Collection of provenance data from different layers of abstraction in Clouds.

ProvManager

In phase-II of the solution, the Provenance Manager (ProvManager) is executed on the recorded provenance data. The job of the ProvManager is to store and manage various provenance data according to the layers, i.e., client, Cloud and middleware and for different operations such as creation, updation, and/or deletion [40]. For each new arrival of a data item to the Cloud storage, a tag named Item-ID and its corresponding value, i.e., an Attribute-Value pair is added to the provenance storage along with timestamps information. Various attributes and their description is provided in Table 2. It is to be noted that Table 2 provides only a subset of the information collected in our solution.

Table 2

Various attributed with their description and corresponding layer of Cloud environment.

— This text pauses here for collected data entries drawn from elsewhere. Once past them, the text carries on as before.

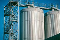 Industriële opslagtanks close-up die een abstract lijnenspel en vorm creëren.
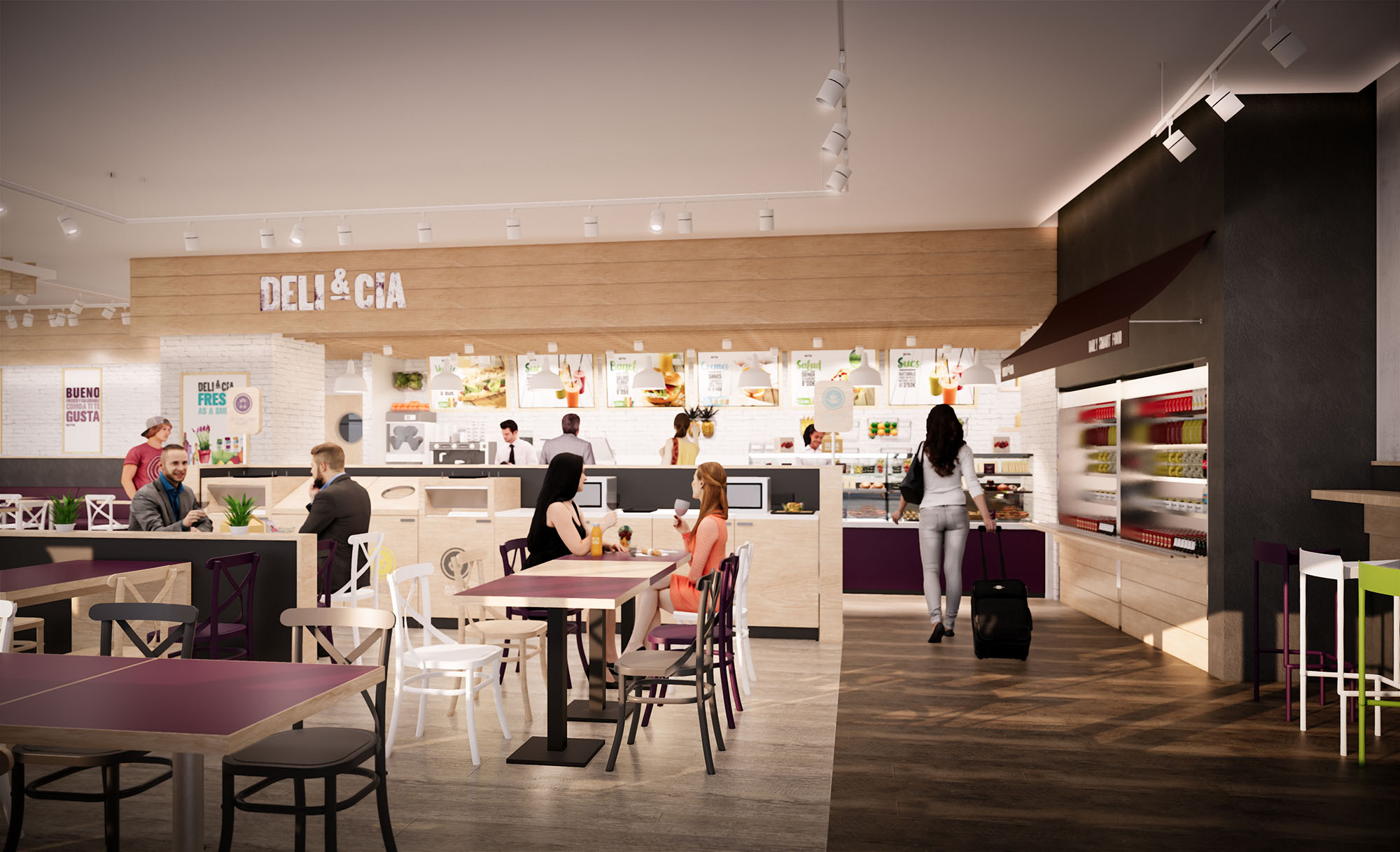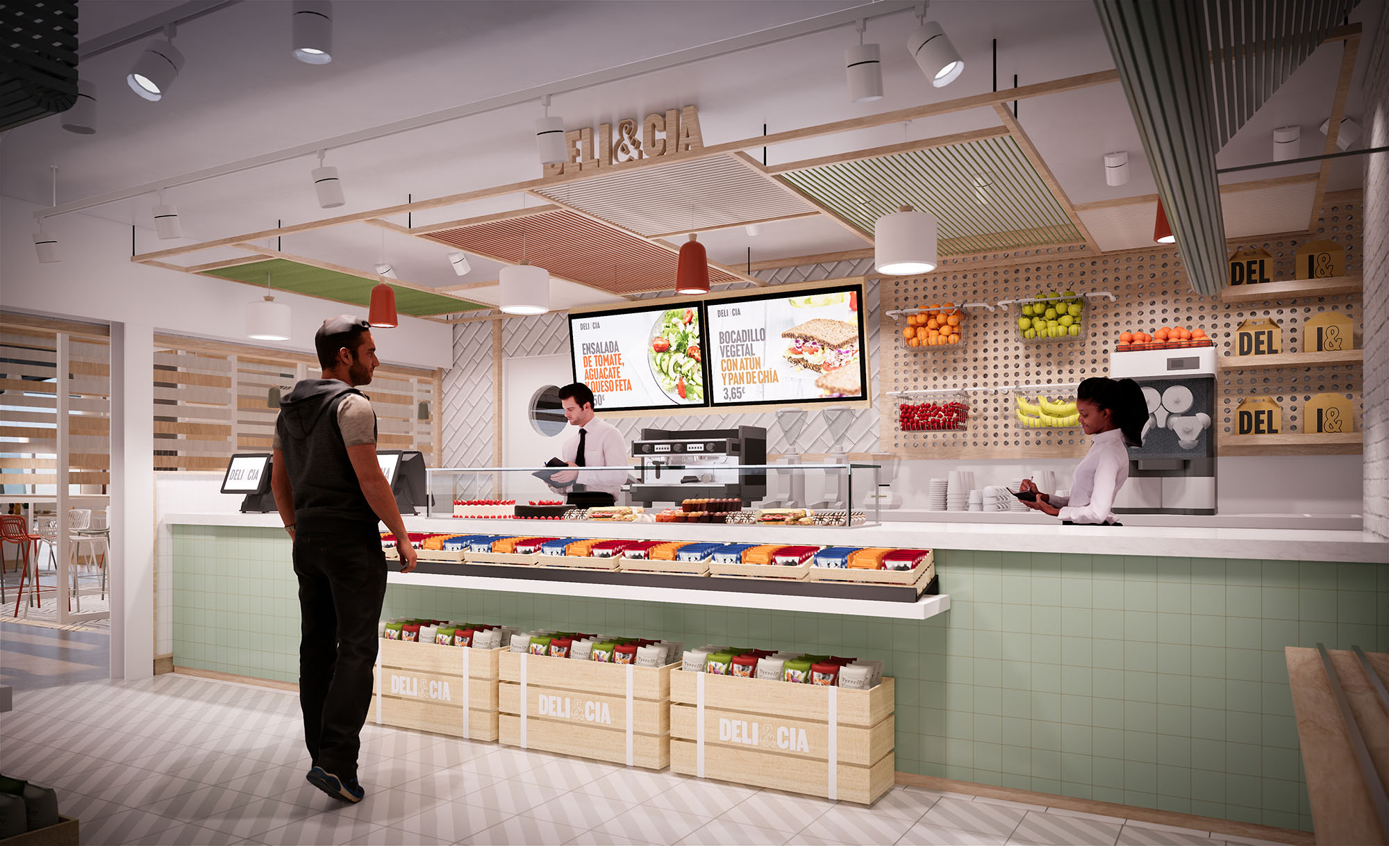 DELI & CIA is conceived as a contemporary fast-casual food concept that combines the spontaneity of grab-and-go with the warmth of a neighborhood deli. Across the different locations in Spain, Portugal, Chile and México, the design language remains consistent: a fresh, luminous environment that communicates transparency, health and everyday accessibility. The space is organized as an open market counter wrapped by islands of product display and casual seating, dissolving the boundary between kitchen, retail and dining.
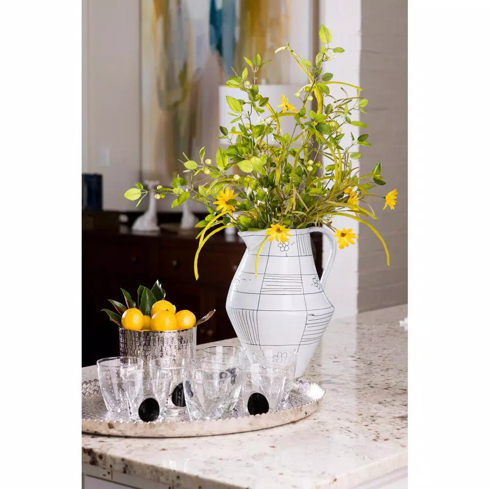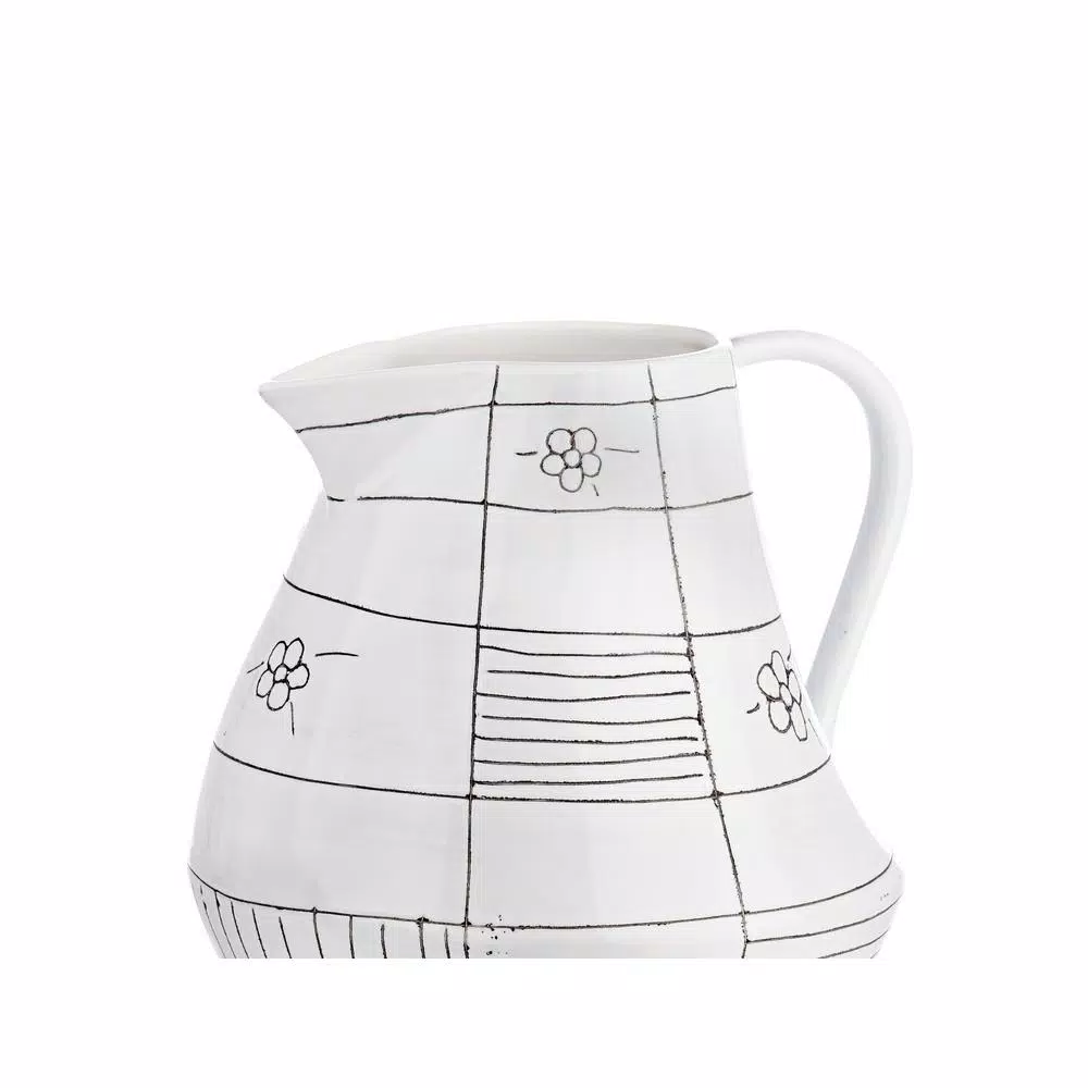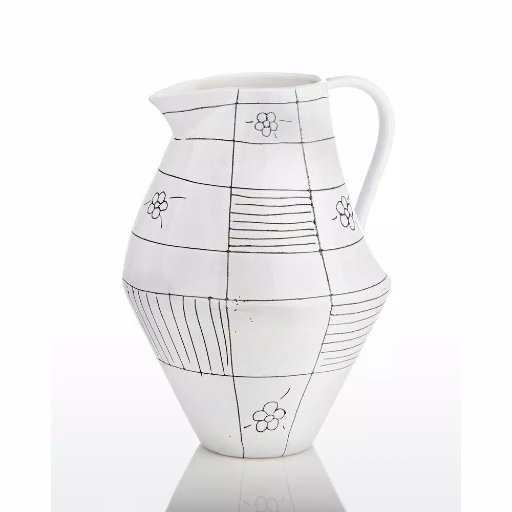 Interesting ceramic piece, hand-molded and seared in a graffiti style while the clay is still wet. The incised design is highlighted in black. Made in Portugal. An artistic pitcher that adds to any decor.
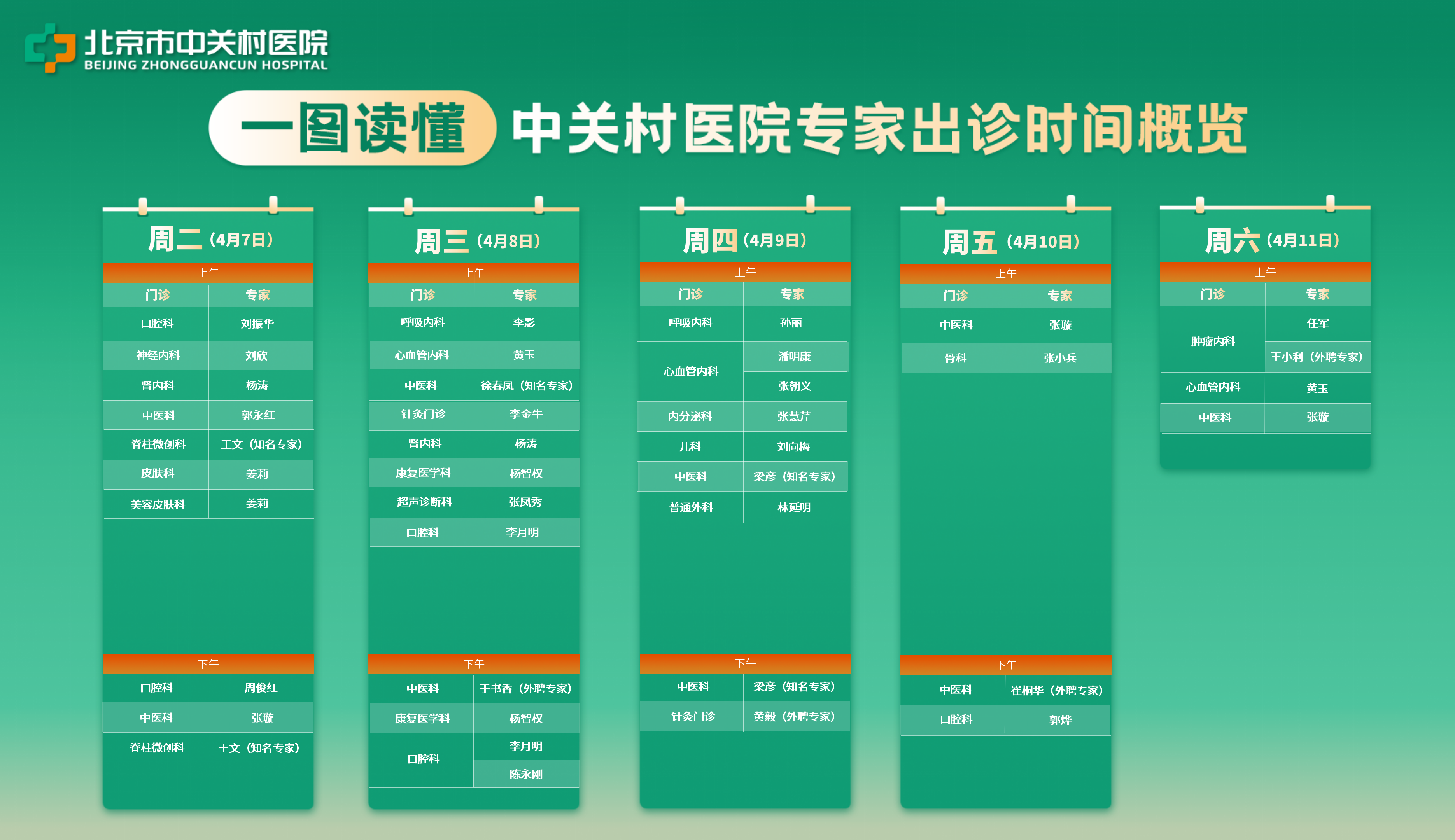 【专家出诊】4月6日至4月12日中关村医院专家出诊信息→
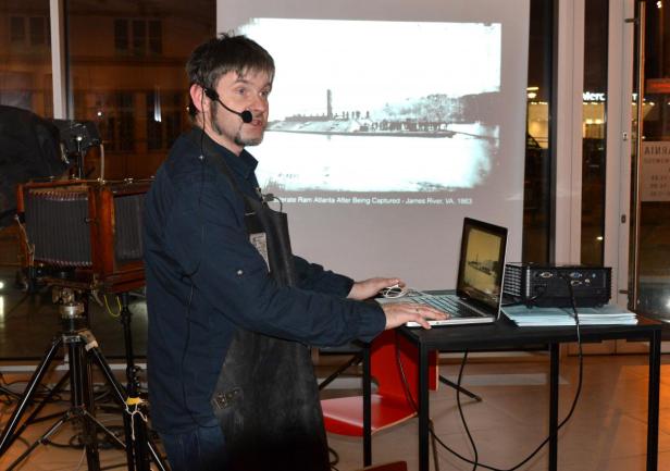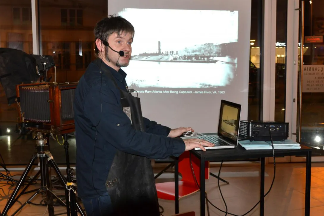 Wystawa nad którą patronat objął JM Rektor AMG prof. dr hab. inż. Janusz Zarębski eksponowana jest w galerii Gdyńskiego Centrum Filmowego. Wernisaż połączony był z prezentacją i warsztatem fotograficznym wszechstronnie omawiającym historię oraz technikę tzw. „mokrego kolodium” w której wykonano fotografie. Zaimprowizowane w galerii studio umożliwiło praktyczną prezentację techniki fotografowania i całego procesu technologicznego - chemicznej obróbki naeksponowanych płyt szklanych. Portretowanymi modelami byli uczestnicy wernisażu – pierwszym, patron wystawy – profesor Janusz Zarębski.
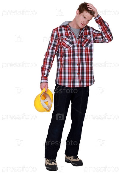 Дабочий с каской держится за голову
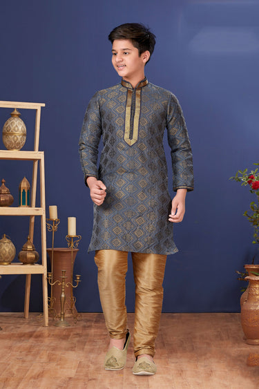 Traditional Wear Jacquard Silk Fabric Grey Color Fancy Readymade Kurta Pyjama For Boys
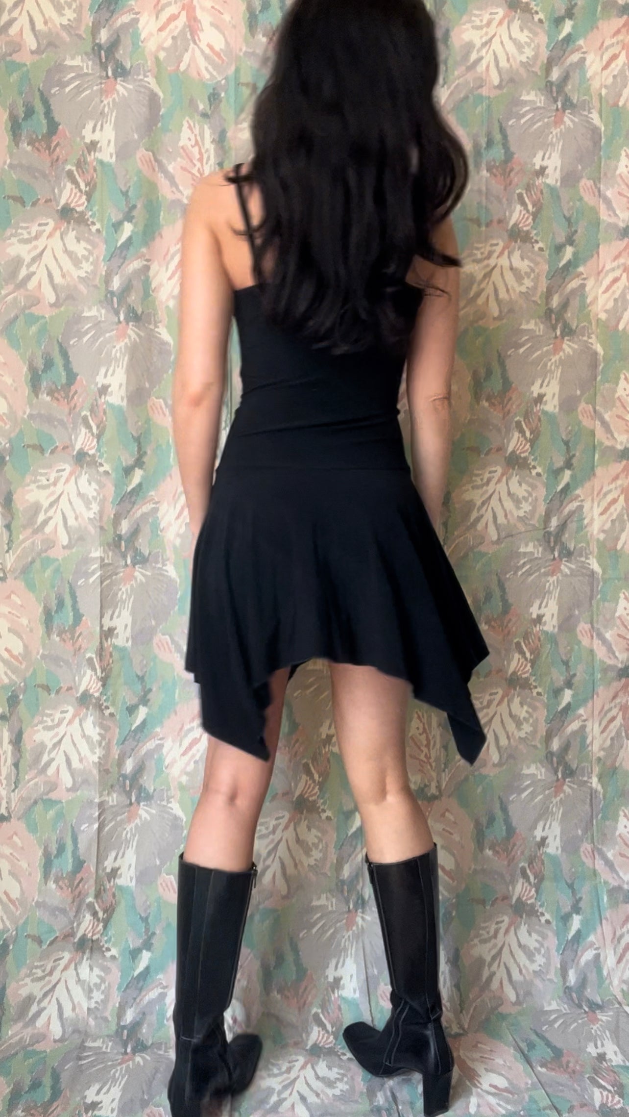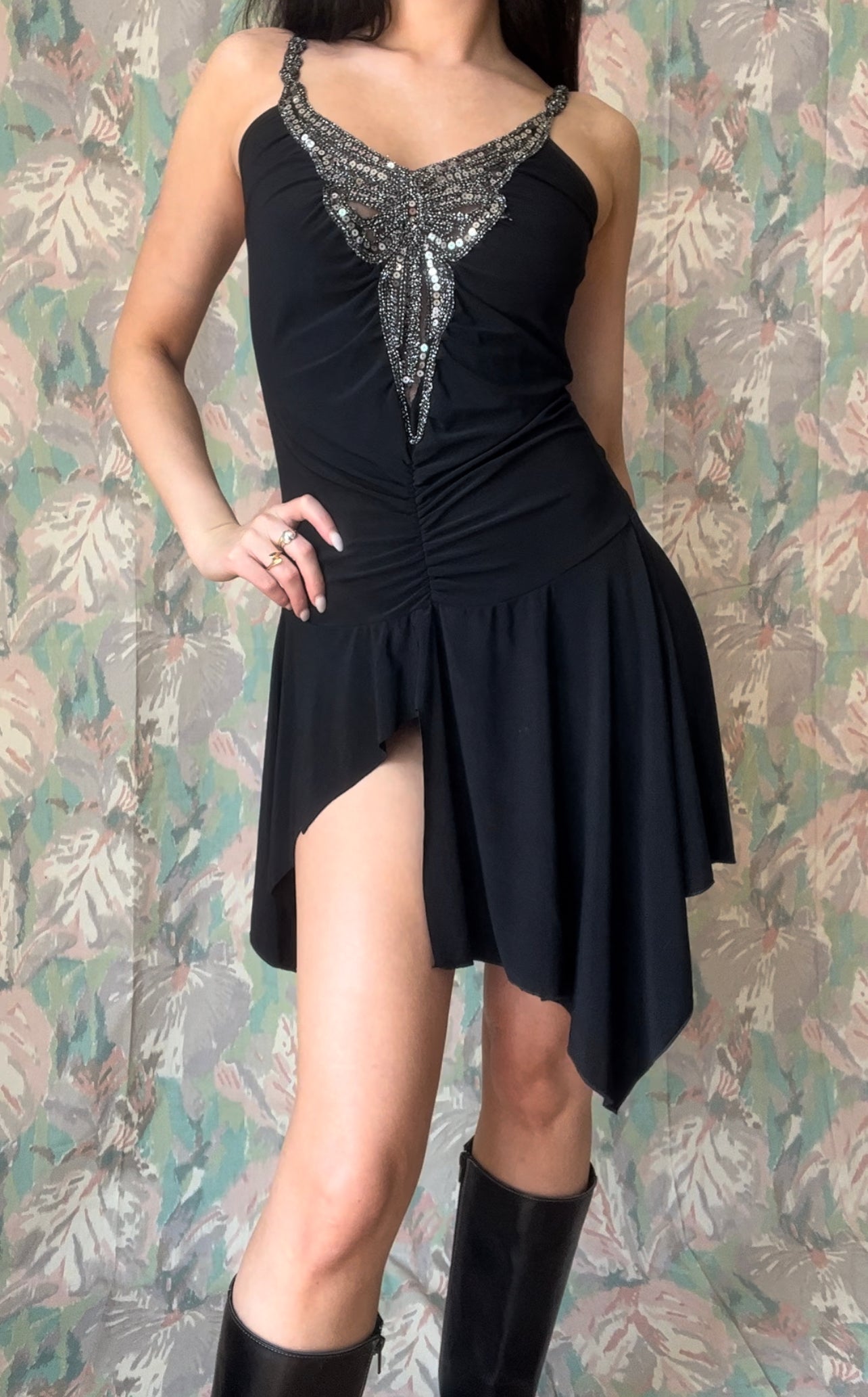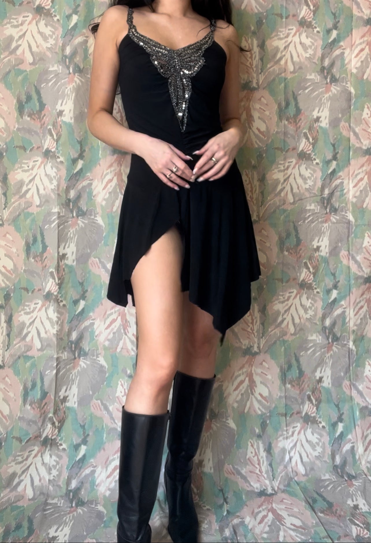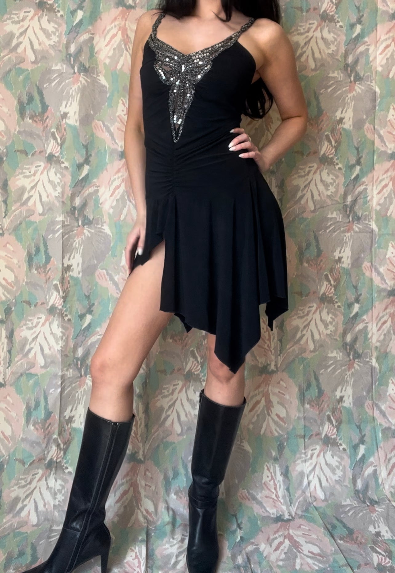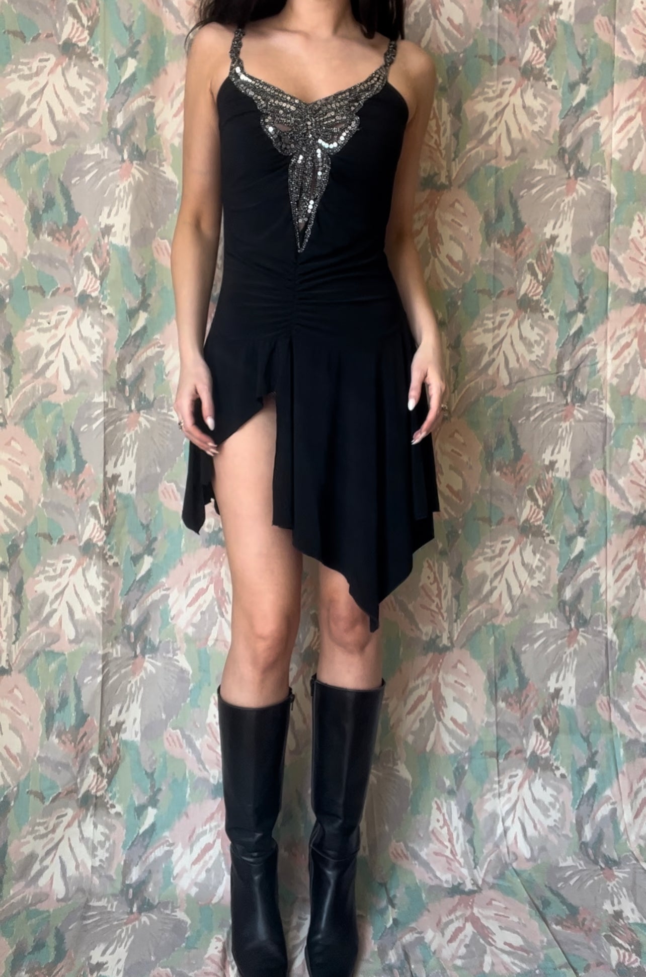 Vintage y2k sleeveless black asymmetrical mini dress with silver sequin butterfly bust and high front slit

Layer	Attribute	Description
Server (Cloud)	Item-ID	Unique ID of date item stored in the Cloud storage
	OwnerID	Unique ID of the data item owner
	ItemAccessCounter	A Counter that depicts how many time a particular item was accessed
Middleware	CreationDateTime	Date and Time of arrival for storage
Middleware	UpdateDateTime	Date and Time of last change of data item and hash value
Client	InitHashValue	Initial hash value computed at arrival for storage

The attributes values are read from the recorded provenance and written to an XML file for future use, i.e., detection of data integrity violation and tracking. The location of the XML file can be set to the same Cloud storage where original data is stored, or, in a separate and independent location [38, 41]. Both the schemes have their pros and cons. For instance, storing provenance data along with original data provides ease of access, low computation overheard and no network traffic. Storing provenance data outside (in an independent location) the original data provides more security as in case the original hard drive crashes or malfunctions. We chose to store XML files along with the original data because of ease of access and low computation overhead. The design of an XML file is chosen in a specific format where various related items are grouped together. This grouping is based on different items and their corresponding metadata values such as users with name and group name, files with attributes, and services with their input and output parameters. The grouping of different items in the specified format provides efficient searching and traversing [42]. For instance, users can search for integrity violations of different items based on parameters such as type, size, owner, and/or combination of the parameters. In summary, XML is chosen to represent and store provenance information because of the following reasons: Portability: The data can be ported to any platform. In addition, custom algorithms can be designed to port the data into any database Lightweight: We keep only significant provenance information Efficient Searching: Customized algorithms can be designed to provide efficient search mechanisms The proposed scheme extends the existing middleware utilized in cloud for the collection of provenance data i.e ProvRecorder. A separate module i.e. ProvManager is established for storing provenance data into storage unit and its management. This module is directly linked with the collection part of the scheme. The proposed scheme does not change the architecture of the cloud but extend it using the built in features i.e. interceptor and module. Such extension automatically handles (being part of the existing middleware) any number of data items being modified in the cloud. Therefore, the proposed scheme utilizes the existing features of the middleware which handles updates regardless of the numbers of data items and the frequency of modification.

IntegrityTracker

The IntegrityTracker phase of the solution is executed on the stored provenance data for checking any violations. It is achieved via developing and publishing a web service named Integrity Service to the existing Cloud environment. The integrity service provides three different interfaces for interaction as shown in Fig 3 by dashed lines. The first interface interacts with the provenance store and retrieves significant data for integrity verification. Various decisions are made based on the retrieved information from the provenance store. The second interface is utilized by the end user for input any query, i.e., data items for which integrity check is required. This interface is also utilized for the output, i.e., generated results. The third interface is for the administrator for any modification in the service such as updated version. The overall process, i.e., different phases of the solution avoids any TPA services and extra hardware support for integrity checking. The integrity service itself is divided into many components which are detailed in the following section.

Fig 3

Various components of integrity service (integrity tracker phase).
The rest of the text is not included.